En ce qui concerne la complétude du dossier :
5. En premier lieu, il ressort des pièces du dossier, notamment des demandes de permis d’aménager initial et de permis modificatif, que celles-ci comportent des plans de division indiquant les limites de chaque lot. Ainsi, et alors qu’aucune disposition législative ou réglementaire n’impose que le permis d’aménager précise le nombre et la nature des divisions cadastrales à intervenir, le moyen tiré de l’incomplétude du projet en raison de l’absence de précision quant à la division cadastrale future doit être écarté.
6. En deuxième lieu, si M. F… et les autres requérants soutiennent que les vues d’insertion du projet dans son environnement, tant proche que lointain, sont insuffisamment précises, il ressort des dossiers de demande que ceux-ci comportent une notice décrivant l’état actuel du terrain et le projet envisagé ainsi que des vues d’insertion permettant à l’autorité compétente de situer ce projet dans son environnement. En conséquence, le moyen tiré de l’incomplétude du dossier en raison de l’insuffisante précision des vues d’insertion du projet en litige ne peut qu’être écarté.
7. En dernier lieu, il ressort de la notice descriptive et du plan de masse figurant dans le dossier de demande de permis d’aménager modificatif délivré le 8 février 2022, que la largeur de la voie privée de desserte du projet est de 8 mètres, y compris sur sa partie située en fond d’impasse, et que les dimensions de l’aire de retournement sont indiquées, ce qui a permis au service instructeur de s’assurer que l’aire de retournement est suffisante pour répondre aux normes propres à assurer la sécurité incendie du lotissement. Dès lors, le moyen tiré de l’incomplétude du dossier en raison de l’absence de mention des dimensions de la largeur de la voie en fond d’impasse sera écarté.
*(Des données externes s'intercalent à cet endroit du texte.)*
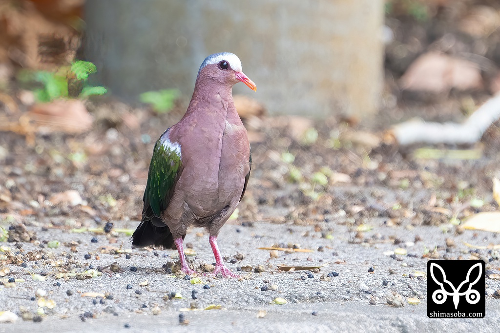 帰り道には歩道でキンバトのオスを発見。この時季見るキンバトはたいていオオバギの種子を食っています。

En ce qui concerne la conformité du projet avec le règlement du plan local d’urbanisme :
8. En premier lieu, aux termes de l’article UB 3 du règlement du plan local d’urbanisme relatif aux voies et accès, dans sa version du 7 novembre 2019, applicable au litige : « (…) / Les voies, les voies d’accès au terrain et les voies de circulation internes doivent répondre à l’importance de la destination de la ou des constructions à édifier et présentant des caractéristiques permettant de satisfaire aux exigences de la sécurité de la circulation et de l’accès, de la protection civile et des moyens d’approche permettant une lutte efficace contre l’incendie. / Pour permettre une défense incendie optimale, toute construction devra être desservie par une voie répondant aux normes de largueur définies dans le tableau ci-dessous : Nombre de logements desservis : (…) Supérieur à 4 logements / Longueur des voies : (…) supérieure à 25 mètres / Largeur des voies : (…) 8 mètres / (…). Les voies en impasse doivent être aménagées dans leur partie terminale afin de permettre à tous les véhicules de faire aisément demi-tour. Les caractéristiques des aires de retournement seront conformes aux normes en vigueur notamment celles relatives à la sauvegarde des personnes et à la lutte contre l’incendie (voir schéma du SDIS en annexe du présent règlement) / (…) ».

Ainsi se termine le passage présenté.